The CSUN Matador Marching Band was highlighted in the L.A. Times, Aug. 24. CSUN students and local high schools participated in a three-day summer camp for percussionists, wind instrumentalists and color guards interested in joining the ranks. Genre-bending routines and choreography have earned the band a reputation for creativity, as well as appearances on "The Tonight Show With Jay Leno" and "The VH1 Honors," a live cable television broadcast at Universal Amphitheatre.
President Blenda J. Wilson was quoted in the Daily News, Aug. 26. The article focused on CSUN's student government association pushing the issue of free speech by planning an affirmative action debate Sept. 25 between former Ku Klux Klan leader David Duke and civil rights activist Joe Hicks. "The important principle underlying freedom of speech is not to protect speech we like but to protect speech we don't like," Wilson said.
Janet Sherman (Athletics) was quoted in the L.A. Times, Aug. 7. The article highlighted the Southern California Stealth, the San Fernando Valley-based women's softball club, which is among the most successful and recognized clubs in the country for 12- to 18-year-olds. Sherman, like other college coaches, uses the summer to get a look at recruits. "These young teams are so important because we are always looking down the road," she said.
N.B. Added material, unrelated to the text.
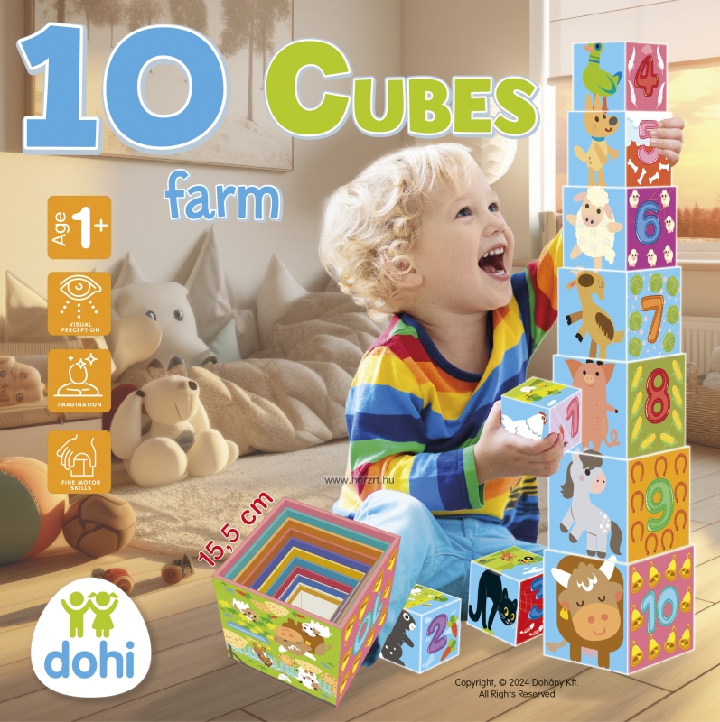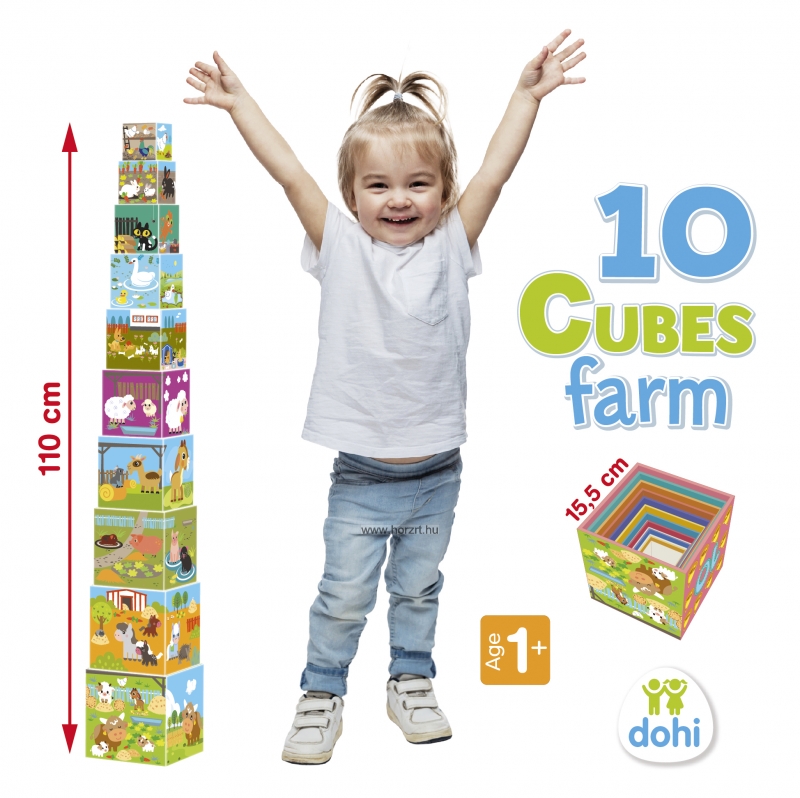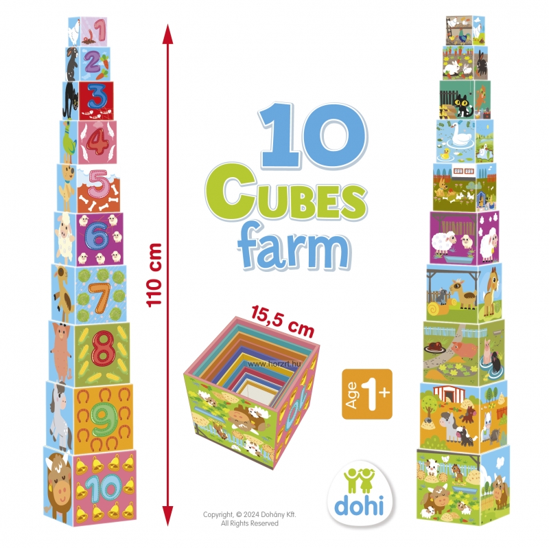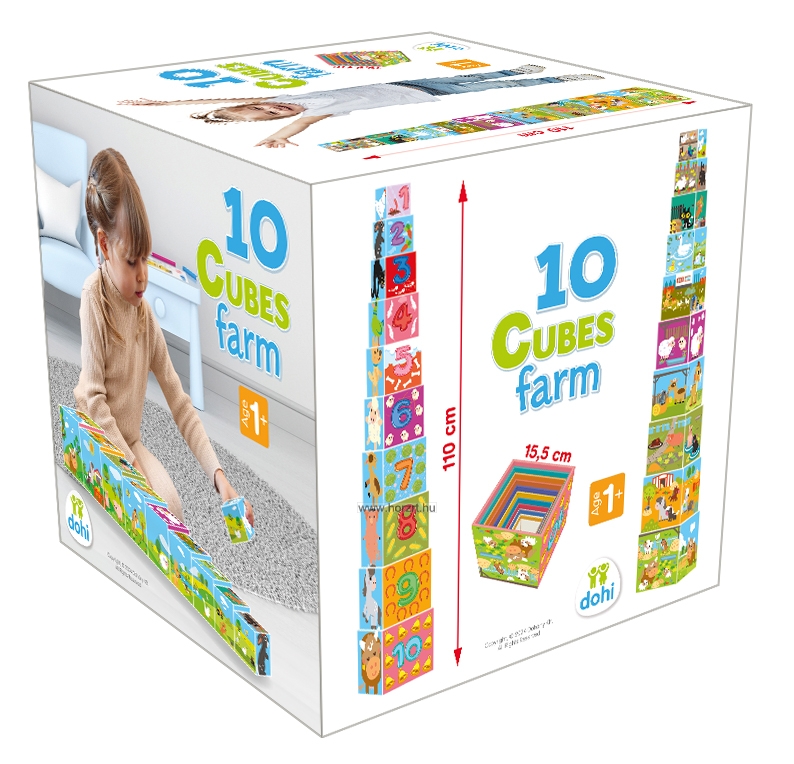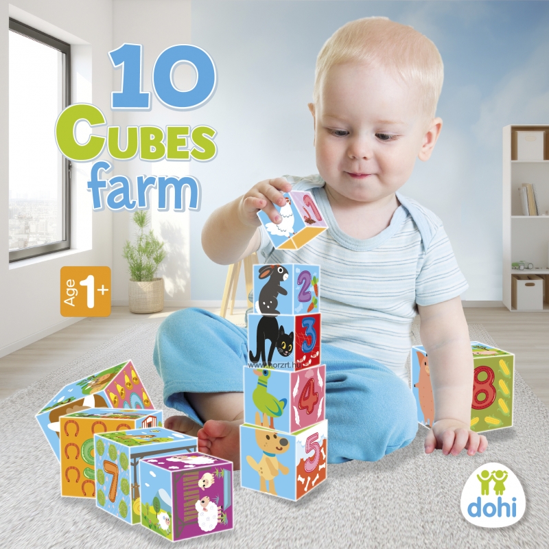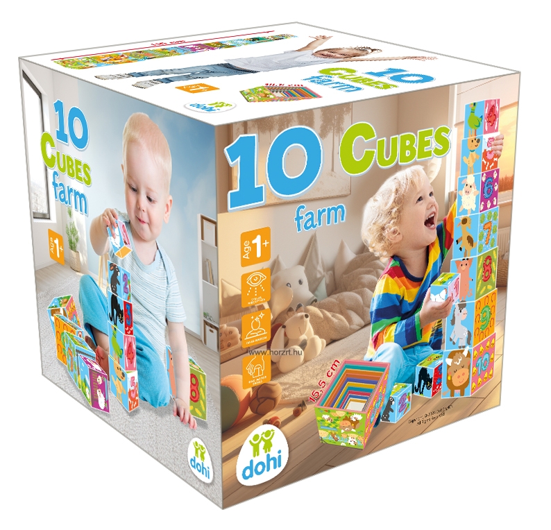 Tudod, hogy milyen állatok laknak a farmon? És azt tudod, hogy milyen növényekkel találkozhatsz ott? A számokat ismered? Ez a 10 kockából álló, farmhoz kapcsolódó motívumokkal díszített készlet remek szórakozást ígér a gyerekeknek a kérdések kiderítésére.

Glen Omastsu (Asian American Studies) taught a cross cultural course in Asian American, Chicano and Pan African studies with Professors Verne L. Bryant and Roberto Sifuentes over the summer as part of CSUN's Summer Bridge Program. More than 130 incoming freshmen are provided with tools to succeed in college through an intensive five-week program. Omastsu was quoted in the Daily News, Aug. 8. "The whole concept of Summer Bridge is the basis for creating confidence in people and providing them with the knowledge they didn't get in high school," Omastsu said.